Evaluation of Y-27632, a Rho-kinase inhibitor, as a bronchodilator in guinea pigs

Abstract

To evaluate (+)-(R)-trans-4-(l-Aminoethyl)-N-(4-pyridyl) cyclohexanecarboxamide dihydrochloride, monohydrate (Y-27632), a selective Rho-kinase inhibitor, as a novel bronchodilator in vivo and in vitro, we investigated the effect of Y-27632 on the acetylcholine- or ovalbumin-induced increase in lung resistance (R_L) in non-sensitized or passively sensitized guinea pigs, and the relaxant effects of salbutamol, Y-27632 and theophylline on acetylcholine- or ovalbumin-induced contraction of isolated trachea. Y-27632 inhalation (1 mM, 2 min) inhibited acetylcholine- or ovalbumin-induced increase in R_L without changes in mean blood pressure, and the effect persisted for at least 3 h. Salbutamol, Y-27632 and theophylline each completely reversed the acetylcholine- or ovalbumin-induced contraction of isolated trachea with rank order of potency, salbutamol>Y-27632>theophylline. The relaxant effect of Y-27632 was not affected by propranolol. We conclude that, although Y-27632 is not as potent as a β-adrenoceptor agonist, Y-27632 may become an alternative inhaled bronchodilator, because Y-27632 is more potent than theophylline, and the relaxant effect is independent of β-adrenoceptors.

Introduction

A small G protein, RhoAp21, and its target protein, Rho-kinase, contribute to Ca²⁺ sensitization of contraction in a variety of smooth muscles Gong et al., 1996, Hirata et al., 1992, Somlyo and Somlyo, 1994, Uehata et al., 1997. A highly selective Rho-kinase inhibitor, (+)-(R)-trans-4-(l-Aminoethyl)-N-(4-pyridyl) cyclohexanecarboxamide dihydrochloride, monohydrate (Y-27632), reversed G protein-mediated Ca²⁺ sensitization in permeabilized mesenteric arteries, and Y-27632 decreased mean blood pressure in hypertensive rat models (Uehata et al., 1997). Similarly, receptor-dependent, G-protein-mediated Ca²⁺ sensitization occurs in canine, rabbit, and human airway smooth muscle in vitro Iizuka et al., 1997, Iizuka et al., 1999, Yoshii et al., 1999, and Y-27632 completely relaxes airway smooth muscle through inhibition of Ca²⁺ sensitization (Yoshii et al., 1999).

The Y-27632 effect is likely to be independent of contractile receptor agonists. Further, the Y-27632 effect is independent of 3-isobutyl-1-methylxanthine, a phosphodiesterase inhibitor (Yoshii et al., 1999). These results suggest that the site of Y-27632 action is distinct from those of conventional bronchodilators such as β-adrenoceptor agonists and xanthine derivatives. However, Y-27632 has not been fully characterized as a bronchodilator in vivo and in vitro.

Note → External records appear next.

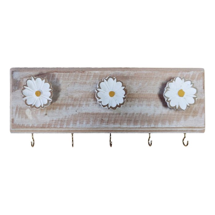 Porta Chaves Artesanal Flores 3d Colorido Estilo Rústico Porta Chaves 5 Ganchos Branco Branco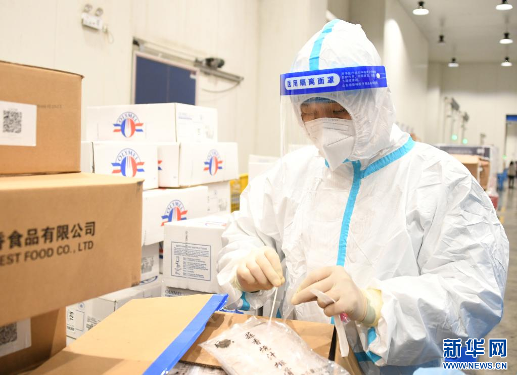 11月11日,在位于北京市平谷区的马坊物流基地冷库,工作人员为冷链商品进行核酸采样。 为应对“双十一”物流高峰,位于北京市平谷区的马坊物流基地增加人力投入,24小时运营,工作人员加紧将各类商品分拣、装车、配送。 新华社记者 任超 摄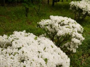 吉田茂像周辺に、白色の大きな花が咲き始めました。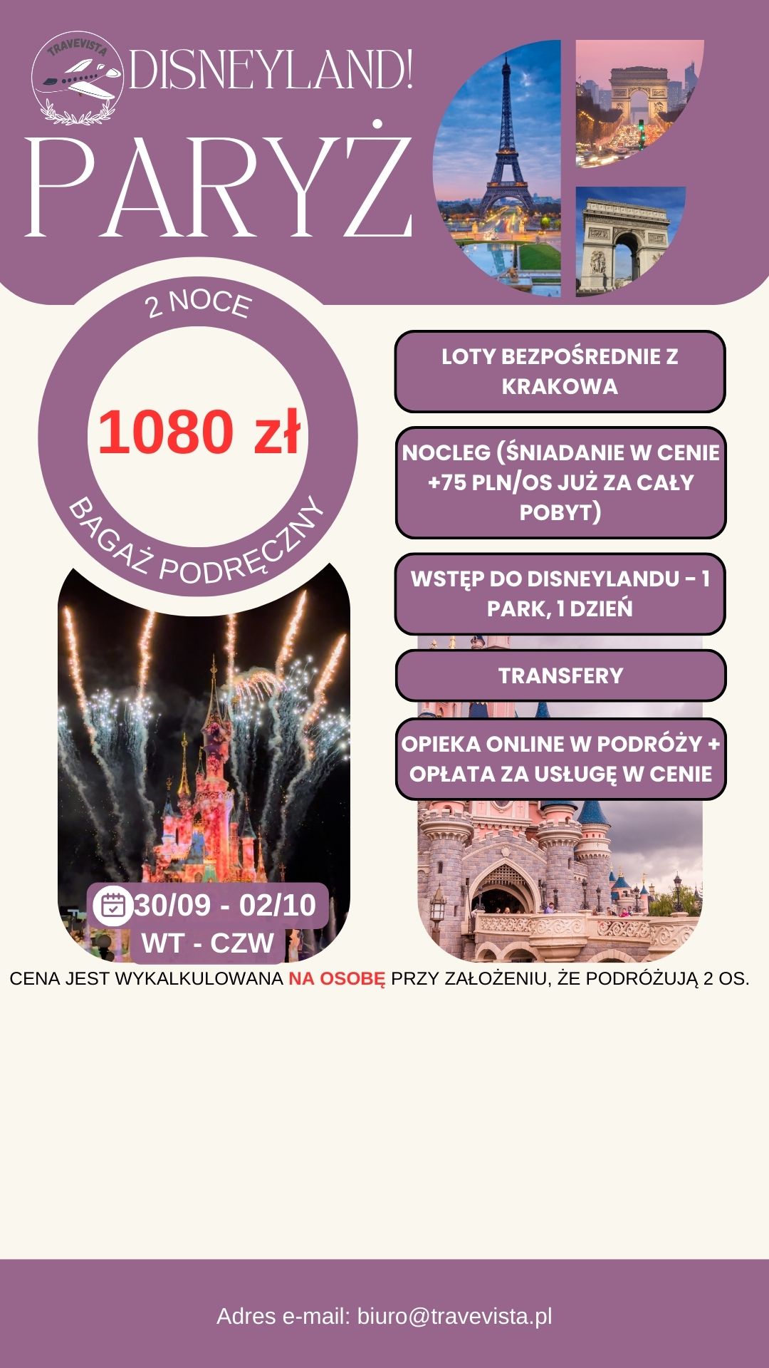 PARYŻ + DISNEYLAND – 3 DNI ZA 1080 ZŁ/OS! 🎡✨

To address this issue, first, we investigated whether Y-27632 inhalation may inhibit the acetylcholine- or antigen-induced increase in lung resistance (R_L) without cardiovascular side-effects. In some experiments, we measured plasma concentrations of Y-27632, which was given to normotensive guinea pigs either intravenously (i.v.) or by inhalation. Second, we compared the relaxing potency of Y-27632 with that of conventional bronchodilators, salbutamol and theophylline, in isolated trachea contracted with acetylcholine or antigen.